All pictures are to be dropped, and the remaining data set down exactly.

DATA
Content starts
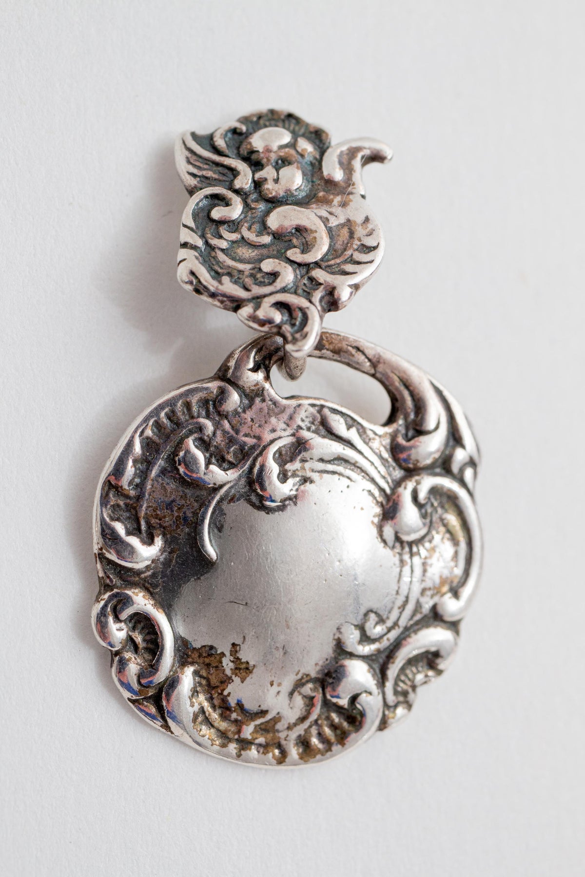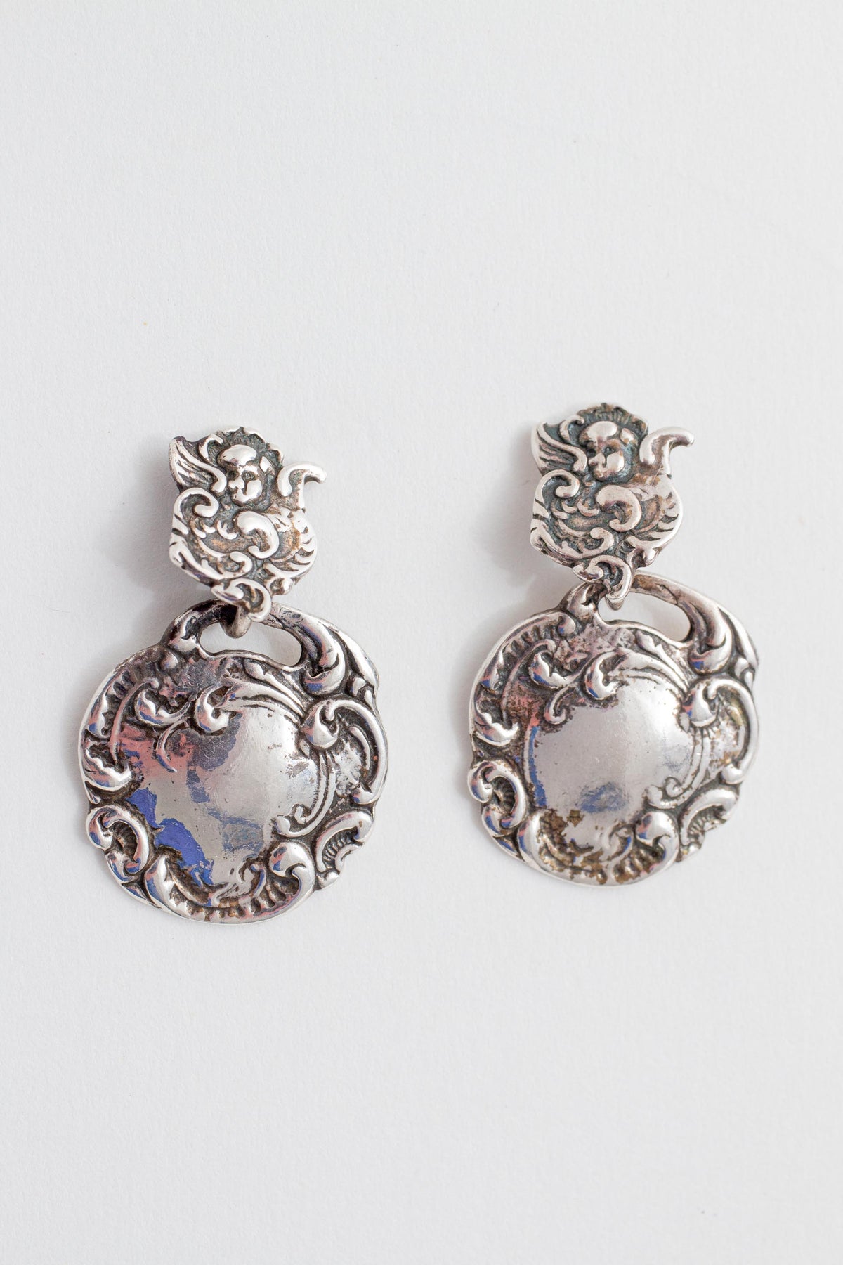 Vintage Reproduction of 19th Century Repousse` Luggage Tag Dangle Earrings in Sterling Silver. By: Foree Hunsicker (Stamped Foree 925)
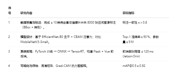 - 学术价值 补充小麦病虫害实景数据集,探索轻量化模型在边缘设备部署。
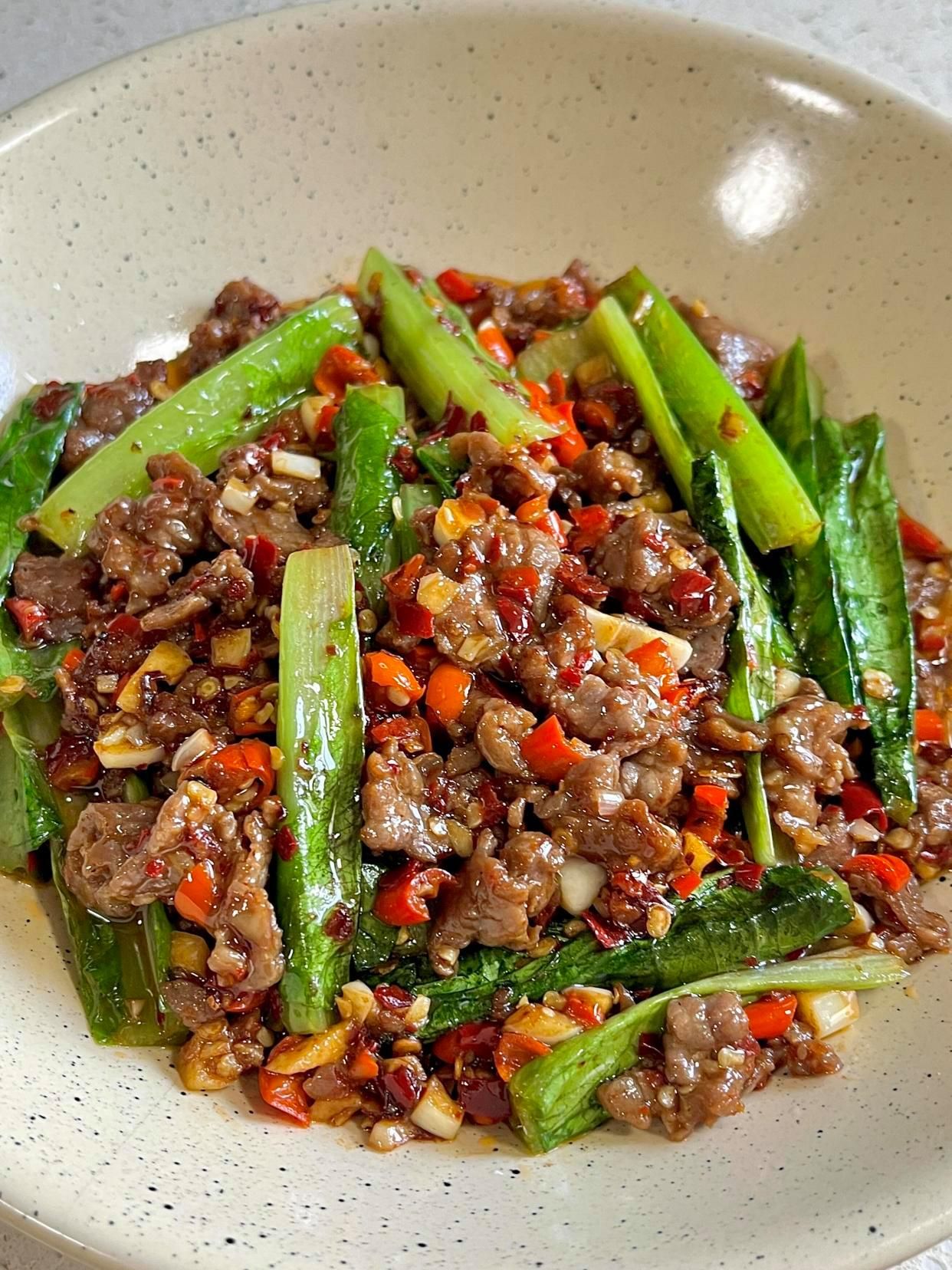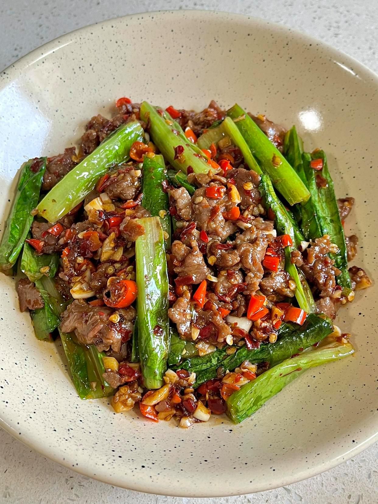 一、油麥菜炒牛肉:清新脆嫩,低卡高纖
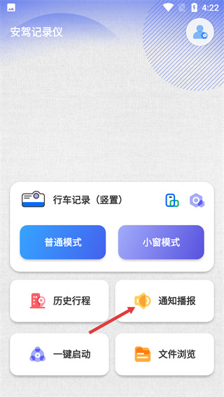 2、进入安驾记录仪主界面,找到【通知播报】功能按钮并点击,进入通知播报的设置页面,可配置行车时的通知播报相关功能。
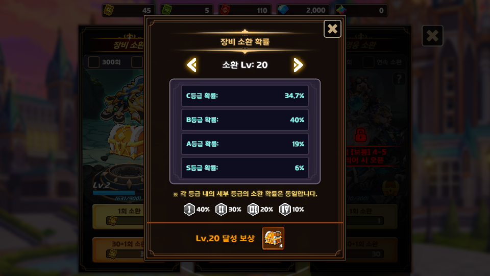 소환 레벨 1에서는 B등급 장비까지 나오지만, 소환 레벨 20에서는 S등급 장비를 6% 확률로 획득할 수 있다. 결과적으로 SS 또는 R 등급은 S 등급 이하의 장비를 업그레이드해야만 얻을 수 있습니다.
Content ends
RESPONSE AREA
 Vintage Reproduction of 19th Century Repousse` Luggage Tag Dangle Earrings in Sterling Silver. By: Foree Hunsicker (Stamped Foree 925)
 - 学术价值 补充小麦病虫害实景数据集,探索轻量化模型在边缘设备部署。
 一、油麥菜炒牛肉:清新脆嫩,低卡高纖
 2、进入安驾记录仪主界面,找到【通知播报】功能按钮并点击,进入通知播报的设置页面,可配置行车时的通知播报相关功能。
 소환 레벨 1에서는 B등급 장비까지 나오지만, 소환 레벨 20에서는 S등급 장비를 6% 확률로 획득할 수 있다. 결과적으로 SS 또는 R 등급은 S 등급 이하의 장비를 업그레이드해야만 얻을 수 있습니다.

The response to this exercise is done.